Early diplomatic career 
Sedwill joined the Foreign and Commonwealth Office (FCO) in 1989 and he served in the Security Coordination Department and the Gulf War Emergency Unit until 1991.

He was then posted in Cairo, Egypt, from 1991 to 1994 as a Second Secretary, then First Secretary in Iraq from 1996 to 1997 whilst serving as a United Nations weapons inspector, then in Nicosia, Cyprus, as First Secretary for Political-Military Affairs and Counterterrorism from 1997 to 1999. He was the Private Secretary to the Secretary of State for Foreign and Commonwealth Affairs (Robin Cook and later Jack Straw) from 2000 to 2002 in the run-up to and preparations for the 2003 Iraq invasion.

He then served as the Deputy High Commissioner to Pakistan, based in Islamabad from 2003 to 2005, then the Deputy Director for the Middle East and North Africa Department of the Foreign Office. From 2006 to 2008, he served as International Director of the UK Border Agency, part of the Home Office.

Afghanistan ambassador and NATO roles 
In April 2009, Sedwill became the Ambassador to Afghanistan, succeeding Sherard Cowper-Coles. In January 2010, he was additionally appointed as NATO's Senior Civilian Representative in Afghanistan, to be the civilian counterpart to the ISAF Commander, U.S. General Stanley A. McChrystal and then U.S. General David Petraeus. He was succeeded as ambassador temporarily by his predecessor, Cowper-Coles, and then by William Patey, formerly British Ambassador to Saudi Arabia.

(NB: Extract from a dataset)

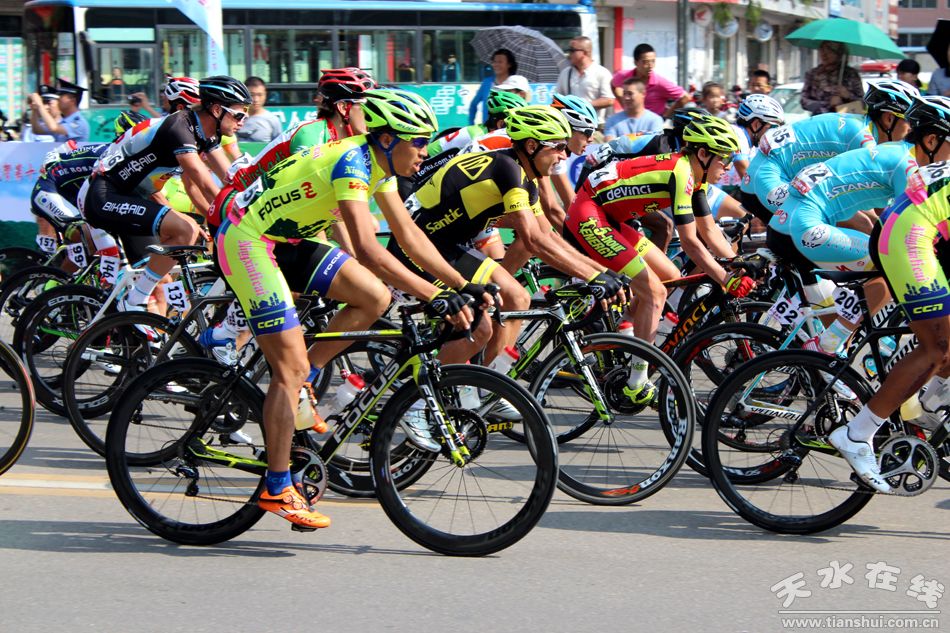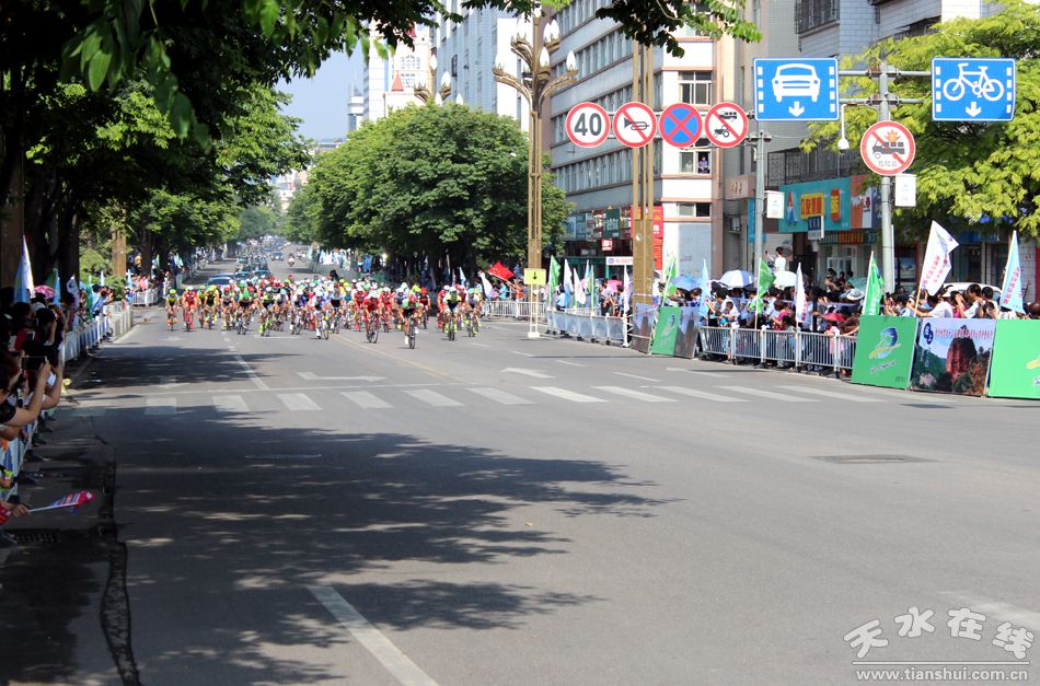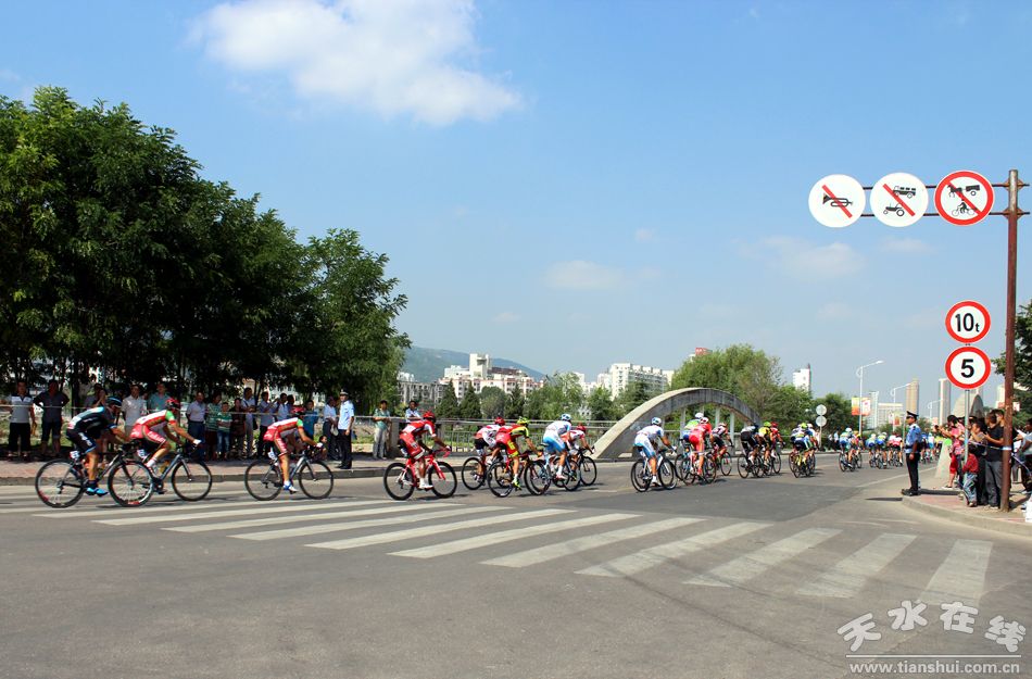 (7月15日上午,第十三届环青海湖国际公路自行车赛第九赛段(天水绕圈赛)在天水主城区隆重举行。) |

In May 2011, Sedwill took over as the FCO's Director-General for Afghanistan and Pakistan (and thus as the UK's Special Representative for Afghanistan and Pakistan) from Dame Karen Pierce . He additionally became the FCO's Director-General, Political, in autumn 2012, replacing Geoffrey Adams.

Sedwill said of his life before government "I've had a gun in my face from Saddam Hussein's bodyguards. A bomb under my seat at a polo match in the foothills of the Himalayas; I've been hosted by a man plotting to have me assassinated; I've been shot at, mortared and even had someone come after me with a suicide vest."

Home Office and National Security Adviser 
In February 2013, Sedwill became the Permanent Secretary at the Home Office, filling the vacancy left by Helen Ghosh. Sedwill replaced Mark Lyall Grant as National Security Adviser in the Cabinet Office in April 2017.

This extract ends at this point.